In every public or private trouble or upheaval, as well as in every effort to reorganize and restore, his name, his presence is dominant. After becoming Pope he lived chiefly at the Lateran palace, then the official Papal residence, and they still keep there the narrow pallet that served him for a bed, and—mark this, ye modern schoolboys!—the little rod which he had to use to keep his dark-eyed, rampageous young choristers in order!
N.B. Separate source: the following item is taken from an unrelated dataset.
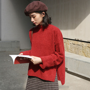 半高领毛衣女士宽松外穿2020年新款短款中领针织打...

The men who can govern others with the most unerring wisdom are often entirely mistaken in their appreciation of themselves. Only the other day the local and most successful Superior of a great missionary order in America was bewailing his fate to me. “I told the Bishop he was making a dreadful mistake in making me the Rector,” he declared, “it is not my work—I was not intended to govern and lead! I am a born free-lance—I want to travel all over the country seeking out the lost souls. I am no good at anything else!”
But the Bishop knew better; and so it was with the great crowd of clergy and laity who designated Gregory for the Papacy. What he accomplished during his pontificate has been well summed up by Montalembert: “Gregory, who alone amongst men has received, by universal consent, the double surname of Saint and Great, will be an everlasting honour to the Benedictine order, as to the Papacy. By his genius, but especially by the charm and ascendancy of his virtue, he was destined to organize the temporal power of the Popes, to develop and regulate their spiritual sovereignty, to found their paternal supremacy over the new-born crowns and races which were to become the great nations of the future, and to be called France, Spain, and England. It was he, indeed, who inaugurated the Middle Ages, modern society, and Christian civilization.”
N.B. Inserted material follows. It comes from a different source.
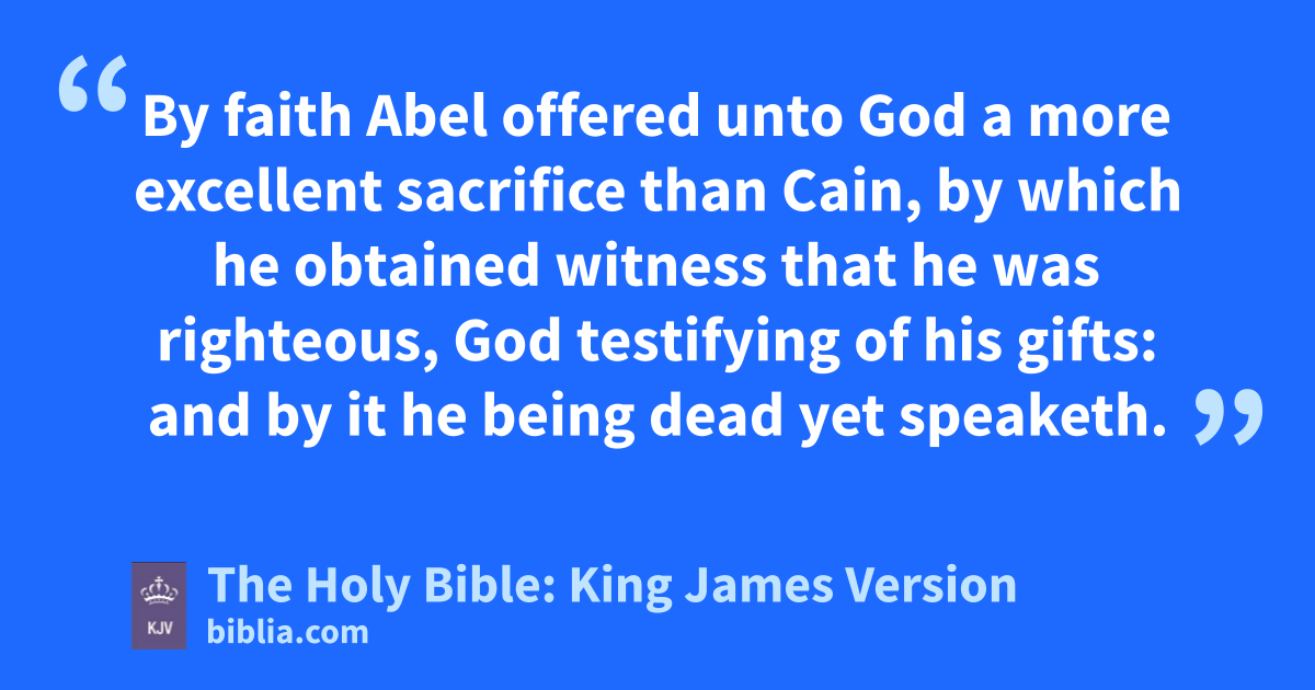 4 By faith Abel offered unto God a more excellent sacrifice than Cain, by which he obtained witness that he was righteous, God testifying of his gifts: and by it he being dead yetb speaketh. 5 By faith Enoch was translated that he should not see death; and was not found, because God had translated him: for before his translation he had this testimony, that he pleased God. 6 But without faith it is impossible to please him: for he that cometh to God must believe that he is, and that he is a rewarder of them that diligently seek him. 7 By faith Noah, being warned of God of things not seen as yet, moved with fear, prepared an ark to the saving of his house; by the which he condemned the world, and became heir of the righteousness which is by faith. 8 By faith Abraham, when he was called to go out into a place which he should after receive for an inheritance, obeyed; and he went out, not knowing whither he went. 9 By faith he sojourned in the land of promise, as in a strange country, dwelling in tabernacles with Isaac and Jacob, the heirs with him of the same promise: 10 For he looked for a city which hath foundations, whose builder and maker is God. 11 Through faith also Sara herself received strength to conceive seed, and was delivered of a child when she was past age, because she judged him faithful who had promised. 12 Therefore sprang there even of one, and him as good as dead, so many as the stars of the sky in multitude, and as the sand which is by the sea shore innumerable. 13 These all died in faithc, not having received the promises, but having seen them afar off, and were persuaded of them, and embraced them, and confessed that they were strangers and pilgrims on the earth. 14 For they that say such things declare plainly that they seek a country. 15 And truly, if they had been mindful of that country from whence they came out, they might have had opportunity to have returned. 16 But now they desire a better country, that is, an heavenly: wherefore God is not ashamed to be called their God: for he hath prepared for them a city. 17 By faith Abraham, when he was tried, offered up Isaac: and he that had received the promises offered up his only begotten son, 18 Of whom it was said, That in Isaac shall thy seed be called: 19 Accounting that God was able to raise him up, even from the dead; from whence also he received him in a figure. 20 By faith Isaac blessed Jacob and Esau concerning things to come. 21 By faith Jacob, when he was a dying, blessed both the sons of Joseph; and worshipped, leaning upon the top of his staff. 22 By faith Joseph, when he died, made mention of the departing of the children of Israel; and gave commandment concerning his bones. 23 By faith Moses, when he was born, was hid three months of his parents, because they saw he was a proper child; and they were not afraid of the king’s commandment. 24 By faith Moses, when he was come to years, refused to be called the son of Pharaoh’s daughter; 25 Choosing rather to suffer affliction with the people of God, than to enjoy the pleasures of sin for a season; 26 Esteeming the reproach of Christd greater riches than the treasures in Egypt: for he had respect unto the recompence of the reward. 27 By faith he forsook Egypt, not fearing the wrath of the king: for he endured, as seeing him who is invisible. 28 Through faith he kept the passover, and the sprinkling of blood, lest he that destroyed the firstborn should touch them. 29 By faith they passed through the Red sea as by dry land: which the Egyptians assaying to do were drowned. 30 By faith the walls of Jericho fell down, after they were compassed about seven days. 31 By faith the harlot Rahab perished not with them that believed not, when she had received the spies with peace.

The task he undertook was a gigantic one, for on the one side he had to contend with the exactions and oppressions of the corrupt and decrepit Byzantine Emperors who were still the nominal rulers of Rome and his own secular masters on the other, with the great new forces let loose on the world in the increasing vigour and supremacy of the Lombards and other northern nations, more than half barbarous still, but, as Gregory clearly perceived, possessed of an intelligence and vitality which only required training and instruction to grow into great new polities which would replace the already dead Roman Empire.
To appreciate his labours one would have to read that colossal correspondence which has fortunately been preserved entire. Beside the mighty matters of Church and Empire which it sets forth, there shows all through the most tender and minute care for the lower and therefore unprotected classes, as well as for individual souls. Slavery, in every form, excited Gregory’s generous indignation, and his most earnest efforts were devoted to restoring slaves to the rank of human beings. The peasants on the great estates were serfs—practically slaves. He decreed that their marriages should be inviolable, their property their own, their wills valid; that wherever possible the Church revenues should be devoted to buying the freedom of slaves, and that never, on any plea, should Christians be sold to Jews or pagans. At the same time he enacted that neither Jews nor pagans should be baptized by force, and commanded that the synagogues of the Jews should be restored to them and that they should be allowed freedom of worship.
Always humble and diffident about asking anything for himself, it is amusing to find him severely reprimanding a Bishop who had authorized or permitted extortionate exactions to be practised against an obscure farmer in Sardinia, and at the same time writing meekly to the overseer of some ecclesiastical property in Sicily—a stud farm where were kept four hundred stallions: “You have sent me one bad horse and four asses. I cannot ride the horse, because it is bad, nor the asses, because they are asses. If you would assist to sustain me, send me something that I can use!”
But after all the special bond between St. Gregory and English-speaking peoples lies in the memorable act by which England was evangelized, after the Faith first planted there had been annihilated by the pagan Barbarians, Saxons, Angles, Scandinavians, to whom she fell an easy prey when Rome withdrew its protecting legions and abandoned her to her fate.
It is rather sweet to know that it was the fair, innocent beauty of a group of English children, standing, dazed and frightened, in the market to be sold, that first touched his heart to such warm pity for their country. He was then living as the Abbot of the community he had founded on the Cœlian Hill, and enough has been said to show how happy he was in his quiet life there.
It must have been some unusual necessity which took him far down into the town on a certain day and through the noisy crowded slave market. But on seeing the children, with their blue eyes full of tears and their long golden hair shining in the sun, everything else was forgotten; he stopped abruptly to ask who they were.
“Angles, from the isle of Britain,” was the answer, given indifferently enough. The keeper knew that the big, dark-faced monk was not a slave-buyer.